● INFORMATION SHOWN
──────────

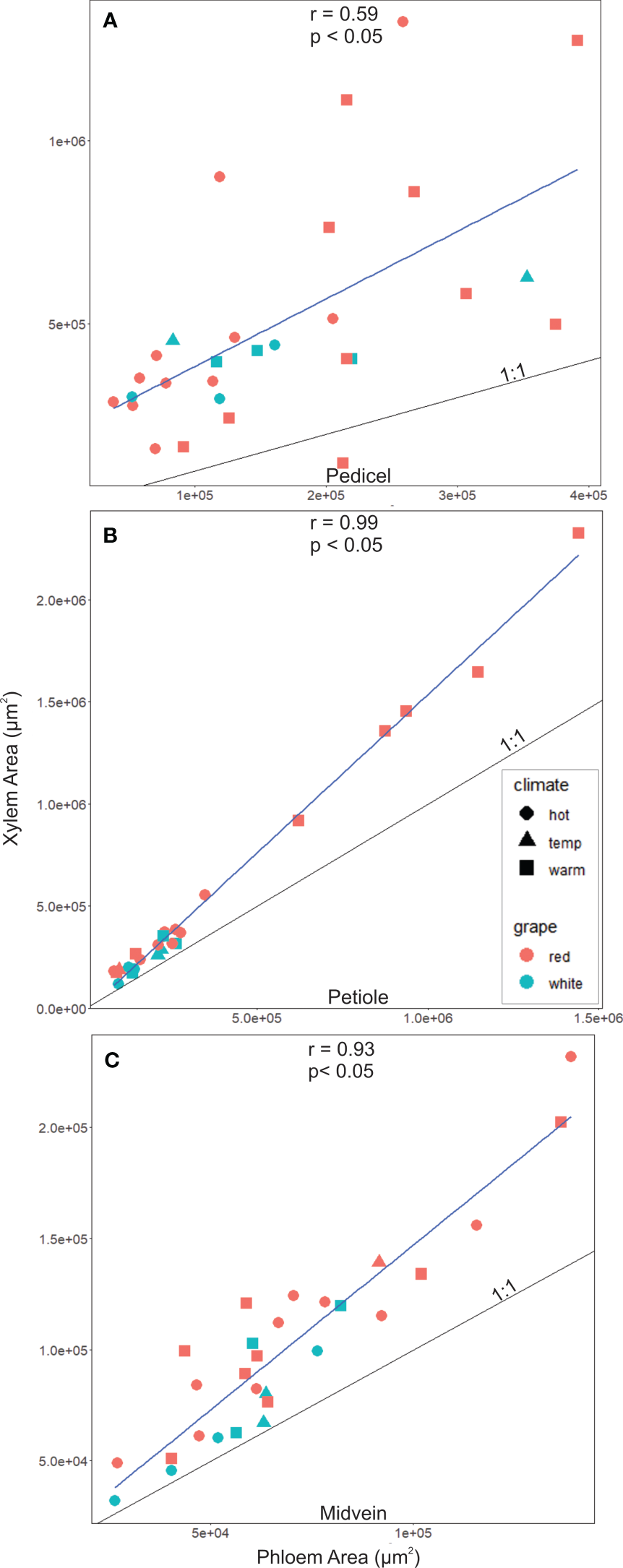 where TMAX and TMIN are the daily maximum and minimum temperatures, respectively, and TBASE is a minimum threshold growing temperature, which was set to the historic default for grapevine, 10°C (McMaster and Wilhelm, 1997; Zapata et al., 2015). Simple linear regressions were then used to test correlations between maximum °Brix accumulation rates and leaf lamina, petiole, and pedicel phloem and xylem cross-sectional area and mean sieve element area and sieve plate porosity for the pedicels. Two cultivars (Pinot Noir and Sauvignon Blanc) were excluded due to sample quality being too poor to establish reliable anatomical measurements. We also examined relationships between xylem and phloem anatomy by using linear regression to test correlations between xylem and phloem cross-sectional area.
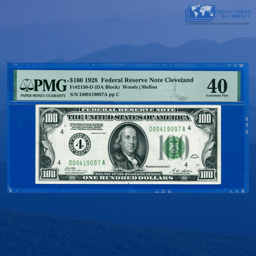 Fr.2150-D 1928 $100 One Hundred Dollars FRN Cleveland, Numerical Seal, PMG 40
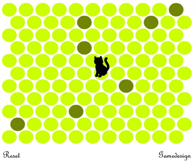 Очень захватывающая игра: нужно отмечать желтые кружочки вокруг кота зеленым, чтобы его поймать.
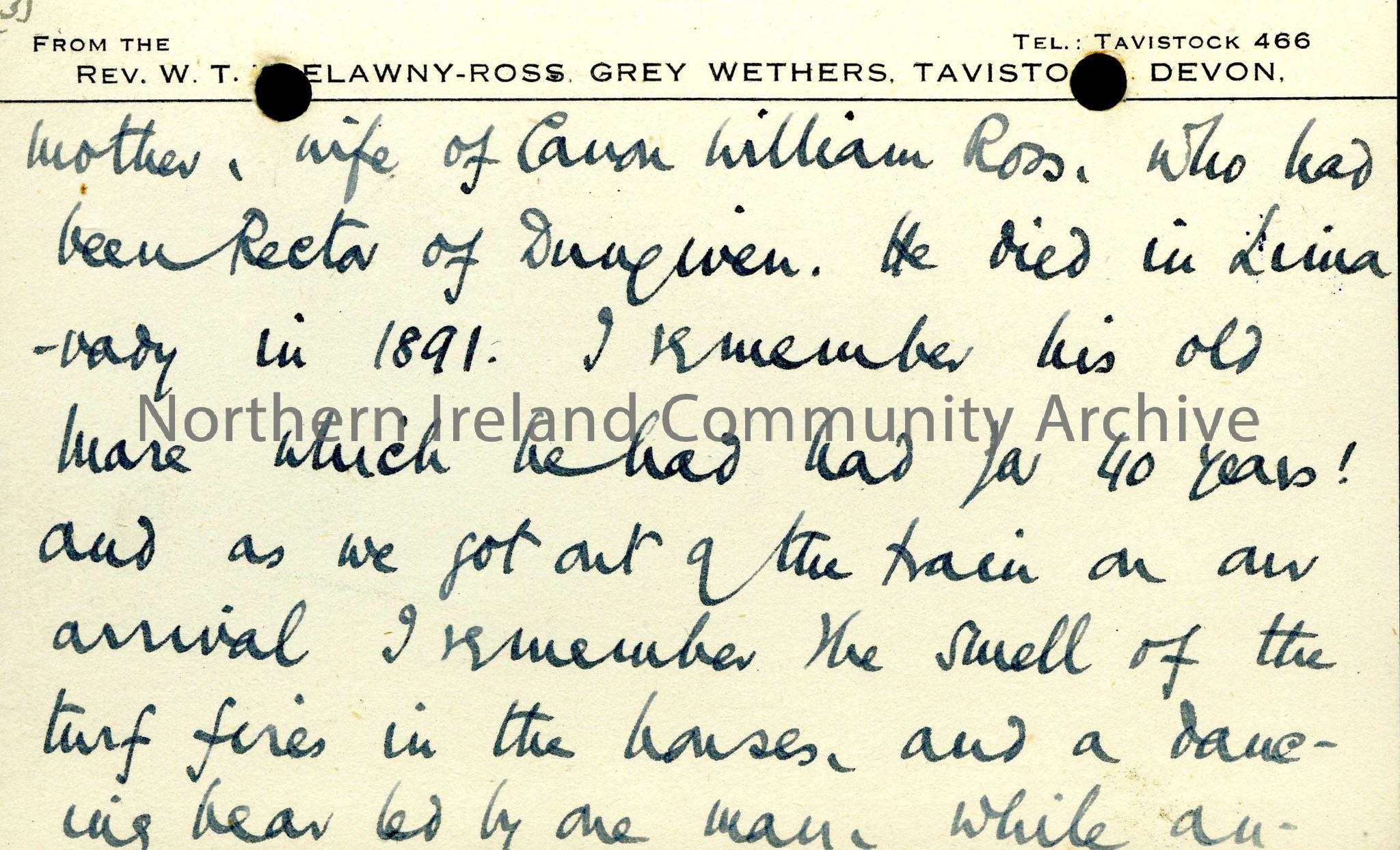 Page three of a card sent by the Rev. W. T. Trelawny-Ross in which he reminisces about his visit to Limavady in 1889 after the death of his grandmothe… – Scan988

──────────

Your output should be only the lines from the line with "Очень захватывающая игра: нужно" through the end of the data, exactly as they stand, and no pictures.

● RESPONSE TO THE TASK
 Очень захватывающая игра: нужно отмечать желтые кружочки вокруг кота зеленым, чтобы его поймать.
 Page three of a card sent by the Rev. W. T. Trelawny-Ross in which he reminisces about his visit to Limavady in 1889 after the death of his grandmothe… – Scan988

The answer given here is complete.